PROBLEM DETAILS: Please set down exactly the lines of the listing below from the line containing "Zamiast kupowania sklepowych" through the line containing "Stay comfortable and", both lines included, leaving out all other lines.

SUPPLIED ENTRIES:
=== Section Start ===
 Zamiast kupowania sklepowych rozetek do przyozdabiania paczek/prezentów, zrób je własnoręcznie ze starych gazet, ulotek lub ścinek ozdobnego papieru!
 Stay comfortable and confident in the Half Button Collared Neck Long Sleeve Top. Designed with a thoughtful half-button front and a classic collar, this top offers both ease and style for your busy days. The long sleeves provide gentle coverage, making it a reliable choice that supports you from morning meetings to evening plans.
=== Section End ===
=== Section Start ===
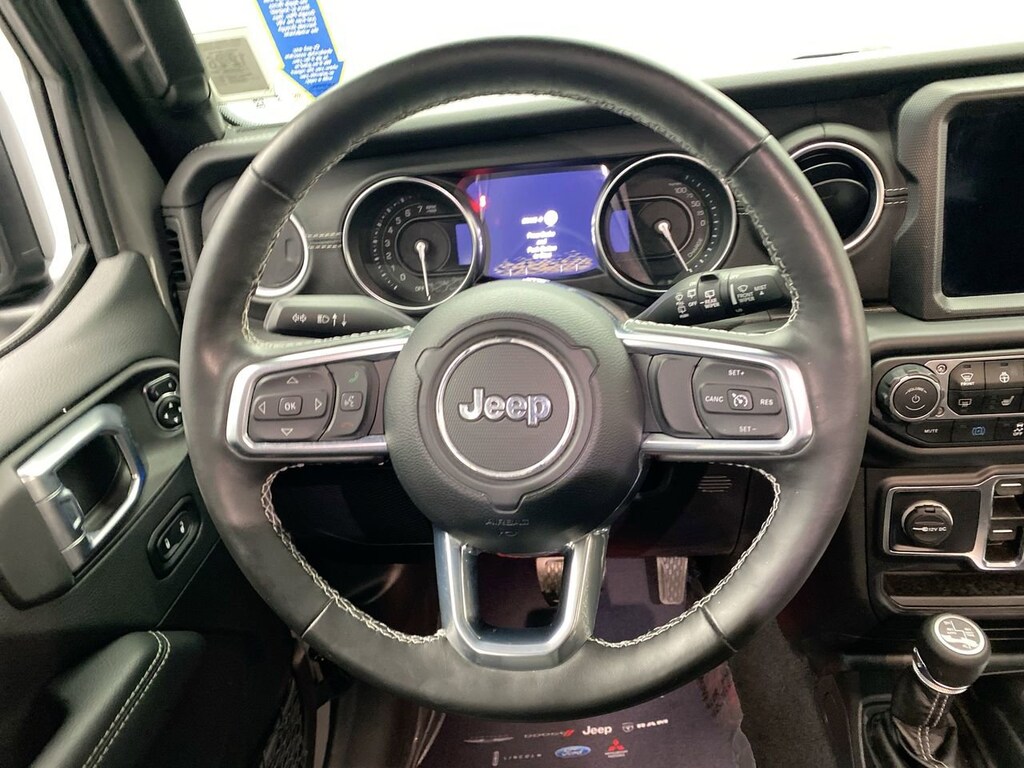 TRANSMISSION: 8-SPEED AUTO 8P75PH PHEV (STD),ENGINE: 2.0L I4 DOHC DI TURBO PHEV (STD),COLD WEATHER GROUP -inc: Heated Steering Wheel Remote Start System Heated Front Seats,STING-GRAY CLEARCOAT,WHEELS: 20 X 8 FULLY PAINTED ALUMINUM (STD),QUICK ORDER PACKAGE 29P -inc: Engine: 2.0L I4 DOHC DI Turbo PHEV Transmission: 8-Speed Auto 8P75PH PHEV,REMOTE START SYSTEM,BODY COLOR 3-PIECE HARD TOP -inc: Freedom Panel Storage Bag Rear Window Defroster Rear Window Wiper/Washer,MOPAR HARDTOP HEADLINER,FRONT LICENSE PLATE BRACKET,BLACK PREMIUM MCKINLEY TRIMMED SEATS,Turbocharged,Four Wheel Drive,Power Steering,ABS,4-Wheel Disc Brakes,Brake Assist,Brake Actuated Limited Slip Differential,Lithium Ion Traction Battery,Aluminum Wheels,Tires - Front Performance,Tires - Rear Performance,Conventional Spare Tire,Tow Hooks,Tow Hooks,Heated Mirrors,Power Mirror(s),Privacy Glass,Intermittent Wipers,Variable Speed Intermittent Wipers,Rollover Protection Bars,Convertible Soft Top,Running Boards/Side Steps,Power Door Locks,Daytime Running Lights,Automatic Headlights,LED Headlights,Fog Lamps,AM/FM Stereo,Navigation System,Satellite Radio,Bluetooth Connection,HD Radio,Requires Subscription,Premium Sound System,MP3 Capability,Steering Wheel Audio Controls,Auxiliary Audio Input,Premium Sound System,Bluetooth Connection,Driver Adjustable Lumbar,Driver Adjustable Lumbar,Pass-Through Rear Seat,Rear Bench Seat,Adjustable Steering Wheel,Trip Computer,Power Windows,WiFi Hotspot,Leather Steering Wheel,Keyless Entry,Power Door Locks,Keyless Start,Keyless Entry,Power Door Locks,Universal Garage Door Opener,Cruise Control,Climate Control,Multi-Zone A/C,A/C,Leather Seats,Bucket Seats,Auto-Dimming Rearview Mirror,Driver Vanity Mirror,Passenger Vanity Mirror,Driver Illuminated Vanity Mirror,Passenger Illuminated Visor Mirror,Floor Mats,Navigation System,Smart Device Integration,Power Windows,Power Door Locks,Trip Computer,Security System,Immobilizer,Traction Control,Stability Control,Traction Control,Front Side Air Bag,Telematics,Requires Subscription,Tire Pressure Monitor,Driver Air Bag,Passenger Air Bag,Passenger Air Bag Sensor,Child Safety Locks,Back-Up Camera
=== Section End ===
YOUR SOLUTION:
 Zamiast kupowania sklepowych rozetek do przyozdabiania paczek/prezentów, zrób je własnoręcznie ze starych gazet, ulotek lub ścinek ozdobnego papieru!
 Stay comfortable and confident in the Half Button Collared Neck Long Sleeve Top. Designed with a thoughtful half-button front and a classic collar, this top offers both ease and style for your busy days. The long sleeves provide gentle coverage, making it a reliable choice that supports you from morning meetings to evening plans.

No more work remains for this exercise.